Company pleads guilty to two safety violations in diver's death
Mother of diver says company's guilty plea will do nothing to improve safety
Paul's Diving Services Inc. has entered a guilty plea on two charges it was facing after the death of Luke Seabrook, but his mother says the plea will do nothing to improve safety for other commercial divers.
Seabrook died on July 15, 2015, after getting stuck underwater at the Nova Scotia Power tidal plant in Annapolis Royal, N.S., according to prosecutor Alex Keaveny.
The 39-year-old diver from Dartmouth was working to inspect the gates that control the flow of the Annapolis River tides.
This morning, the company entered a guilty plea on two of four charges in the Occupational Health and Safety Act.
The company pleaded guilty to failing to ensure a written dive plan was in place that met occupational diving regulations, and failing to ensure the dive was not conducted in hazardous water flow conditions.
Mother of victim skeptical change will happen
Seabrook's mother, Angela Seabrook, said the admission of guilt "won't really do anything for the safety of the diving industry."
"It was fully expected. We all knew that things weren't done quite the way they should've been," she said from her home in Wasaga Beach, Ont.
Two other charges — failing to provide information, instruction, training and supervision to address water flow hazards and failing to ensure employees were made familiar with hazardous water pressure differential that may exist at the sluice gates — are expected to be dropped at sentencing.
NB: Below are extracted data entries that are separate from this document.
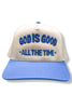 Introducing our exclusive God is Good hat, featuring a blue and ivory cap with elegant "God Is Good, All The Time" embroidery. Stay stylish and show your faith with this sophisticated accessory.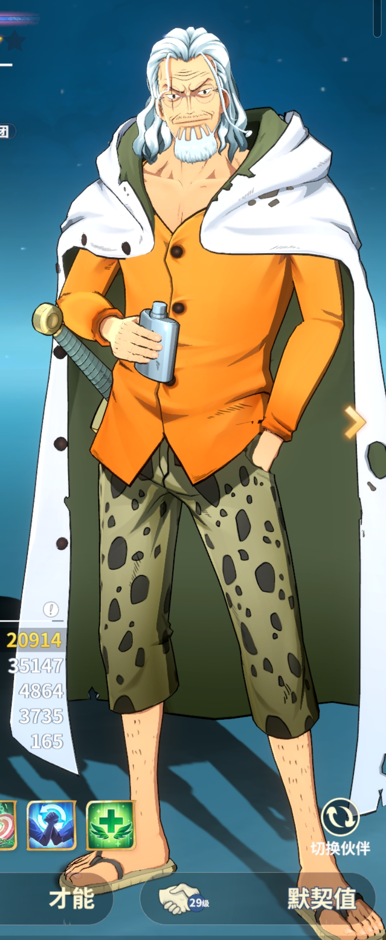 Light-hearted, casual, fun-loving, and righteous, Rayleigh's attributes bear a striking resemblance to his former captain, Roger in the present day. When he served as first-mate, however, he was shown to have been more impatient, rational, and serious when compared to most other hands and sailors, easily irritated with the antics of the younger crew, and being more of a disciplinarian. His more serious demeanour also gave him some advantages, being the only one among his compatriots not to fall for Shakky's beauty and charm. However, he has mellowed since his crew disbanded, becoming much more relaxed even when training Luffy. While often casual, with a hint of seriousness and extreme strength hiding behind his glasses, Rayleigh enjoys going with the flow and appearing in unexpected places and in unexpected ways, especially given his status and age.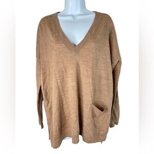 Hudson's Bay Moon Women's Sweater Pullover Merino wool Side slit Brown Size XS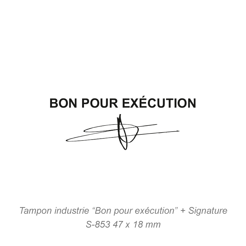 Ce tampon "Bon pour exécution" personnalisable avec votre signature est destiné à toutes les entreprises du secteur de l'industrie pour faciliter votre gestion au quotidien. Vous pouvez intégrer votre signature ci-dessous, elle sera précédée de la mention "Bon pour exécution", utile dans l'industrie quand un plan est validé.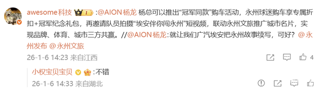 网友纷纷为这一主动接力的姿态点赞,并对“续写”的具体形式展开想象:有人认为可能会延续“送车”承诺,毕竟这是汽车企业的天然优势;也有人推测或将通过赞助等形式支持球队发展,这与埃安长期投入体育事业的形象相符;亦有人期待为球员提供更具意义的成长支持。尽管形式尚未明确,但公众普遍认为埃安的善意接力,或将给故事一个合家欢结局。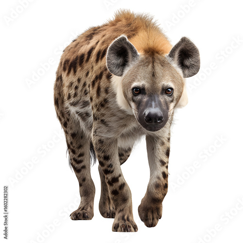Hyena walking forward with steady gaze and natural gait and high detail and isolated white background Batch realistic clean bright simple modern stock image isolated on plain background for web and
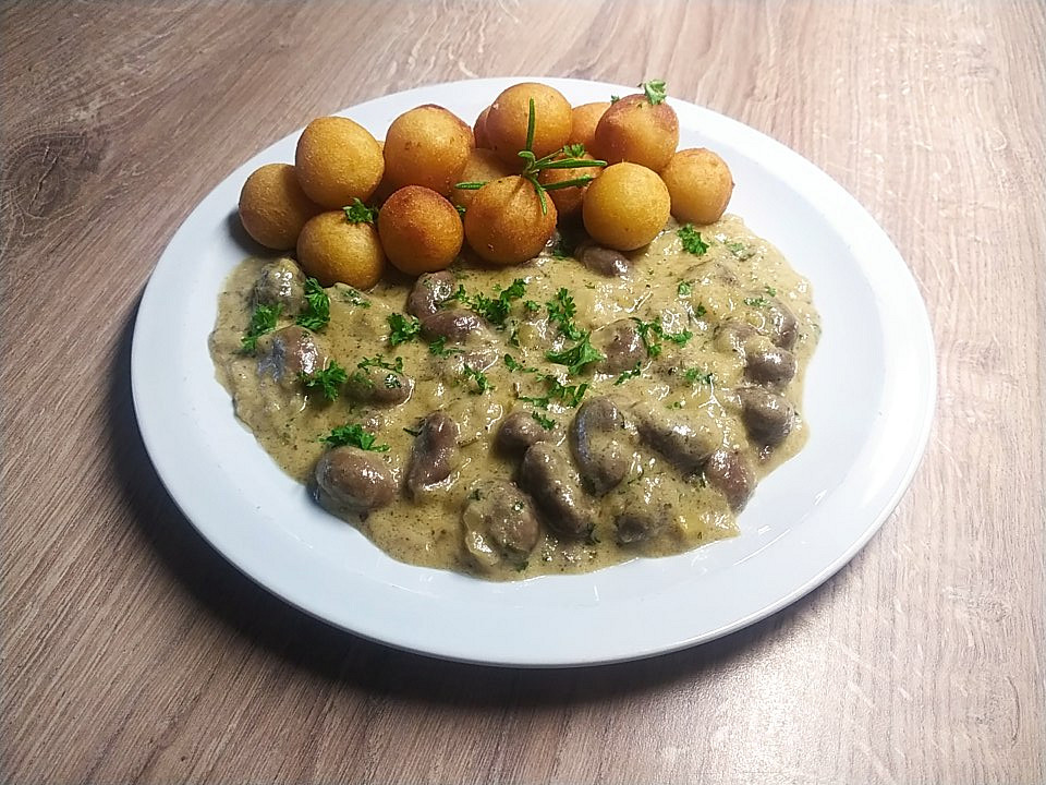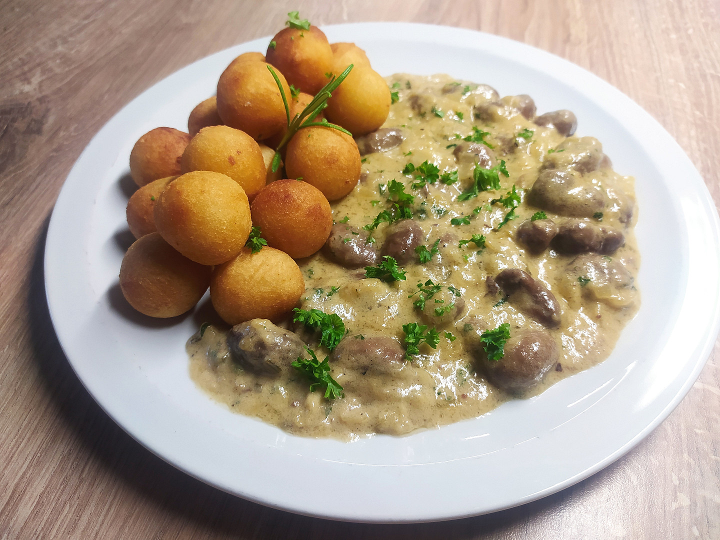 Králičí ledvinky v rozmarýnovo-smetanové omáčce

Seabrook said she's disappointed the Labour Department decided to lay charges only against the diving company — "the little guy" — which she acknowledges should have completed water flow tests to determine whether there was a water pressure hazard.
'This will be the end of the story'
Keaveny said the sentence will likely come from a joint recommendation.
The company will be back in court on Oct. 26.
Seabrook said she will likely prepare a victim impact statement but is skeptical of its potential effect.
"I don't know what good that's going to do."
With only a small diving company charged, she fears "this will be the end of the story and nothing ever done about it."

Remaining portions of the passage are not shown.